STUDY MATERIAL:
[Start of section]

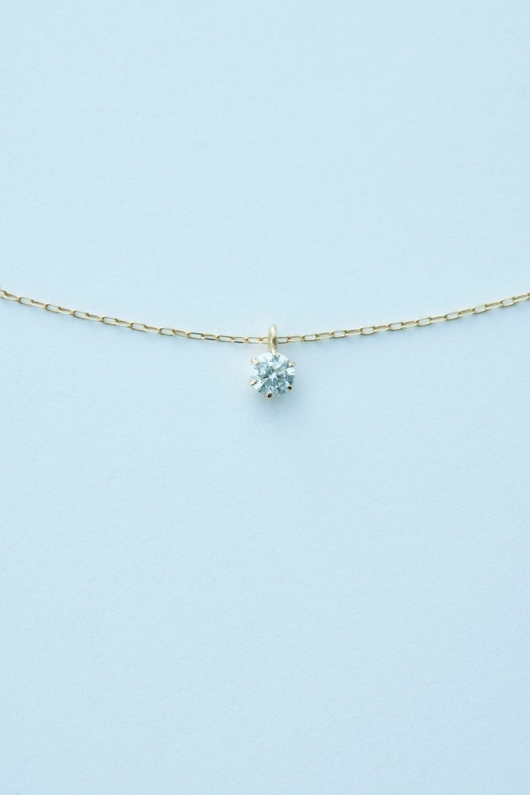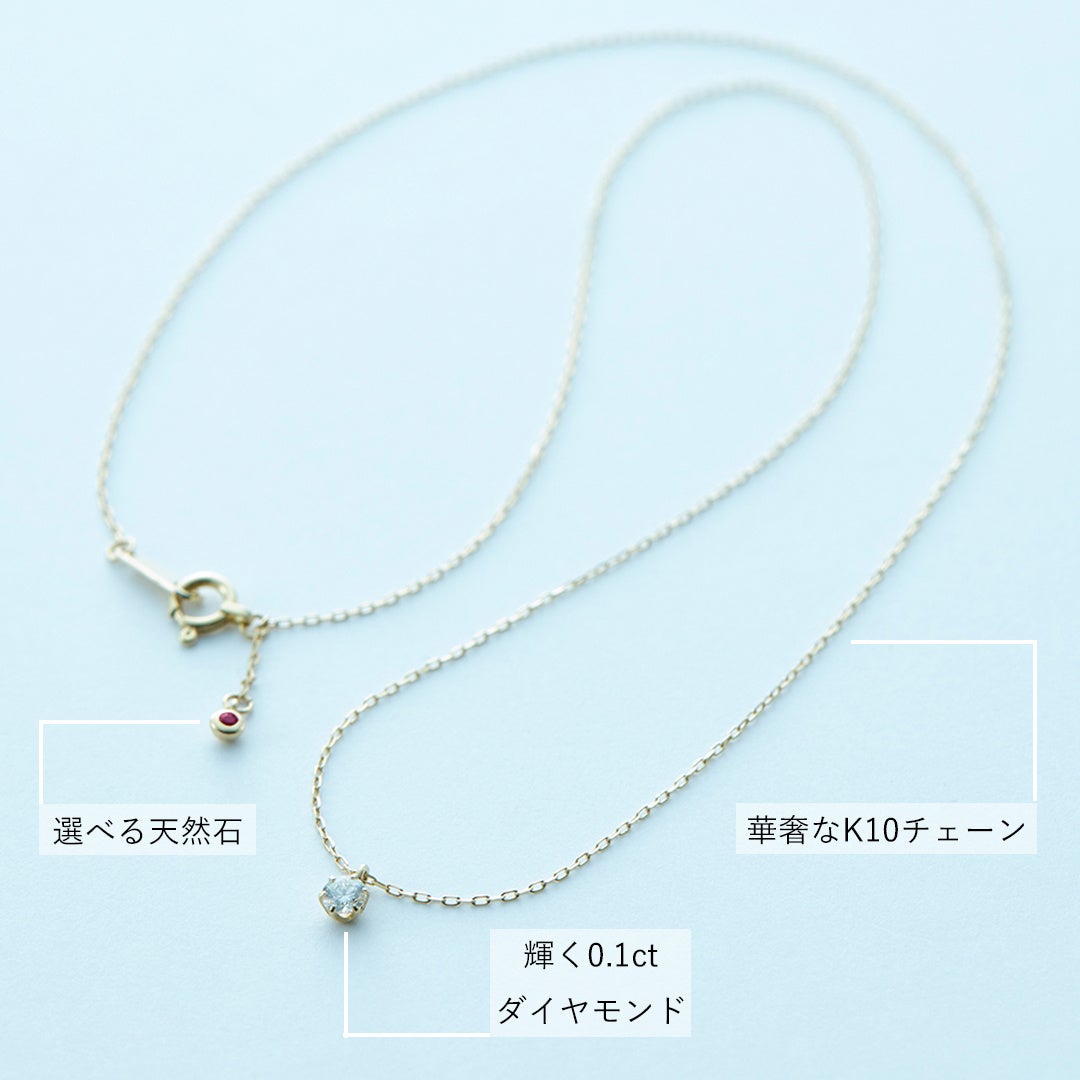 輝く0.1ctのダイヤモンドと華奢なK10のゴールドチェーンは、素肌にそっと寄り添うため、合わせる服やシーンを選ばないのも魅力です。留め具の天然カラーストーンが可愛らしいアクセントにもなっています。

[End of section]
[Start of section]

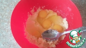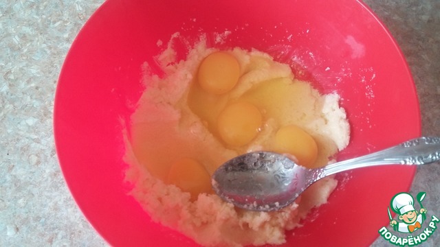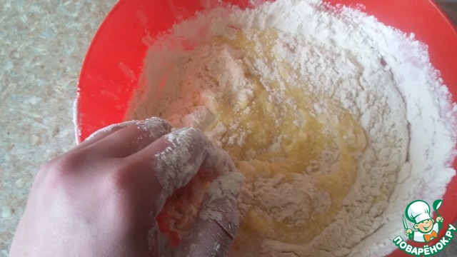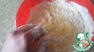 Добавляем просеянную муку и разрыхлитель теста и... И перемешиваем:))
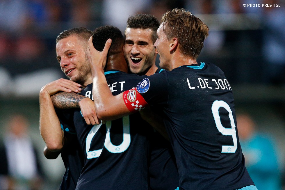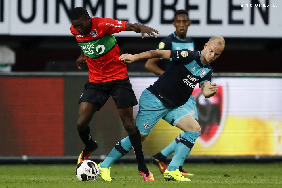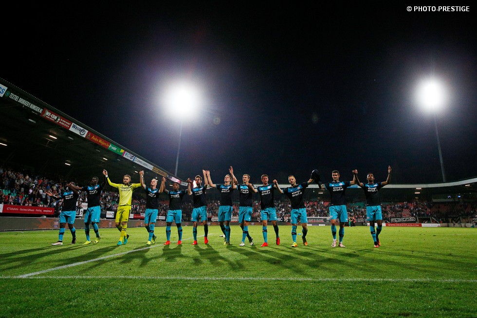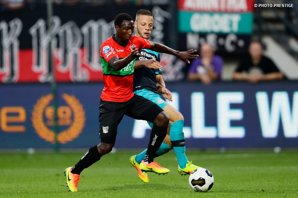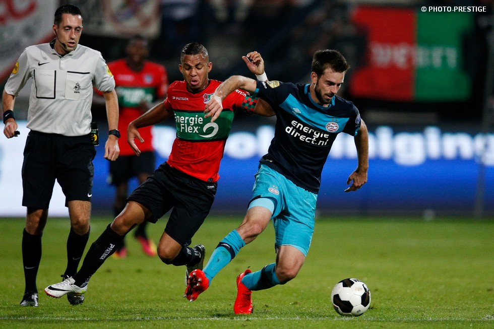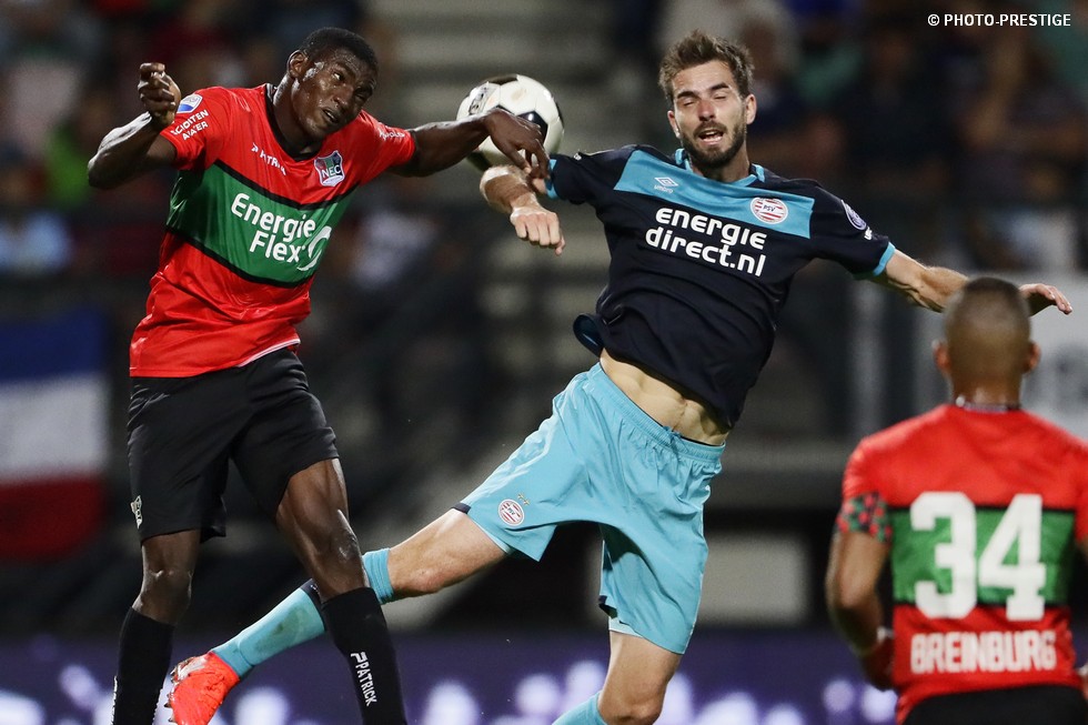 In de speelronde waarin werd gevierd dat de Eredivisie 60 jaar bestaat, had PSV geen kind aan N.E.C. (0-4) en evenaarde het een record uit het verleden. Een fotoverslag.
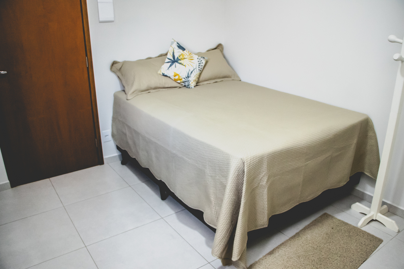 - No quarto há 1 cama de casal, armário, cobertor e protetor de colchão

[End of section]
[Start of section]

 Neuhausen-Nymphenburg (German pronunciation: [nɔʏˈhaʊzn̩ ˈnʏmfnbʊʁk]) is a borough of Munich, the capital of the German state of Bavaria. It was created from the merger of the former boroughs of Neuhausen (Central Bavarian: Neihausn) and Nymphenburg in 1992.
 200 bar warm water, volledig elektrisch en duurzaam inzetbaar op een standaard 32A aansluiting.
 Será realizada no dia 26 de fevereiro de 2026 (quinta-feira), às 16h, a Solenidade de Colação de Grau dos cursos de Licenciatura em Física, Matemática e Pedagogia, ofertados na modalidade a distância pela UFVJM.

[End of section]

TASK DETAILS:
All lines above starting at the one with "Добавляем просеянную муку" and ending at the one with "- No quarto", inclusive, are to be printed again exactly, with the pictures left out.

EXERCISE ANSWER:
 Добавляем просеянную муку и разрыхлитель теста и... И перемешиваем:))
 In de speelronde waarin werd gevierd dat de Eredivisie 60 jaar bestaat, had PSV geen kind aan N.E.C. (0-4) en evenaarde het een record uit het verleden. Een fotoverslag.
 - No quarto há 1 cama de casal, armário, cobertor e protetor de colchão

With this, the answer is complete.